From magnetic order to valence-change crossover in EuPd$_2$(Si$_{1-x}$Ge$_x$)$_2$ using He-gas pressure

TL;DR

This study investigates how magnetic order and valence states in EuPd$_2$(Si$_{1-x}$Ge$_x$)$_2$ evolve under pressure and Ge substitution, revealing a strong pressure dependence of valence crossover and a transition from magnetic to intermediate-valence states.

Contribution

It provides new insights into the pressure-induced valence and magnetic state transitions in Eu-based intermetallic compounds with Ge substitution.

Findings

Valence-change crossover around 160 K at ambient pressure for x=0.

Strong pressure dependence of the valence crossover temperature, d$T'_V$/d$p$ = (80 ± 10) K/GPa.
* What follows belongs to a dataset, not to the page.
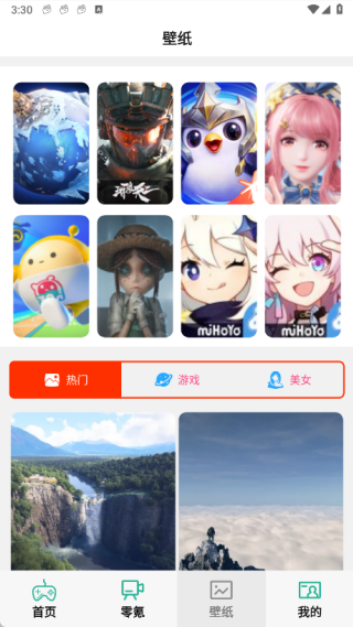 4、在壁纸页面中可以知晓热门、游戏以及美女壁纸,让你了解各类精彩壁纸很方便。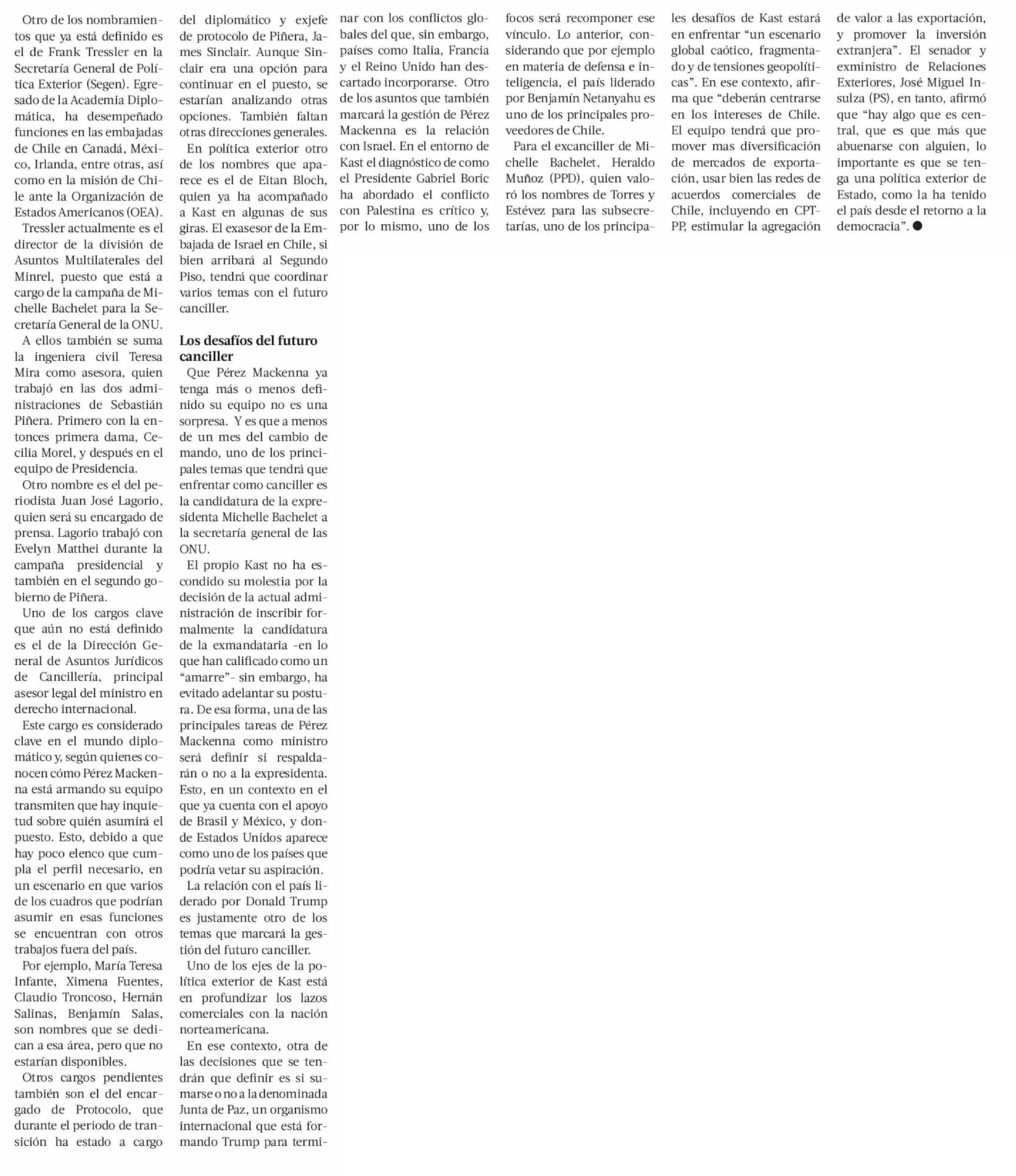 El equipo que arma Pérez Mackenna para su Cancillería y la ronda de reuniones para preparar su aterrizaje

Transition from antiferromagnetic order to intermediate-valence state with small applied pressure.

Abstract

We present results of magnetic susceptibility and thermal expansion measurements performed on high-quality single crystals of EuPd$_2$(Si$_{1-x}$Ge$_x$)$_2$ for 0 $\leq$ x $\leq$ 0.2 and temperatures 2 K $\leq T \leq$ 300 K. Data were taken at ambient pressure and finite He-gas pressure $p$ $\leq$ 0.5 GPa. For x = 0 and ambient pressure we observe a pronounced valence-change crossover centred around $T'_V$ $\approx$ 160 K with a non-magnetic ground state. This valence-change crossover is characterized by an extraordinarily strong pressure dependence of d$T'_V$ /d$p$ = (80 $\pm 10)$ K/GPa. We observe a shift of $T'_V$ to lower temperatures with increasing Ge-concentration, reaching $T'_V$ $\approx$ 90 K for x = 0.1, while still showing a non-magnetic ground state. Remarkably, on further increasing x to 0.2 we find a stable Eu$^{(2+\delta)+}$ valence with long-range antiferromagnetic order below $T_N$ = (47.5 $\pm$ 0.1) K, reflecting a close competition between two energy scales in this system. In fact, by the application of hydrostatic pressure as small as 0.1 GPa, the ground state of this system can be changed from long-range antiferromagnetic order for $p$ $<$ 0.1 GPa to an intermediate-valence state for $p$ $\geq$ 0.1 GPa.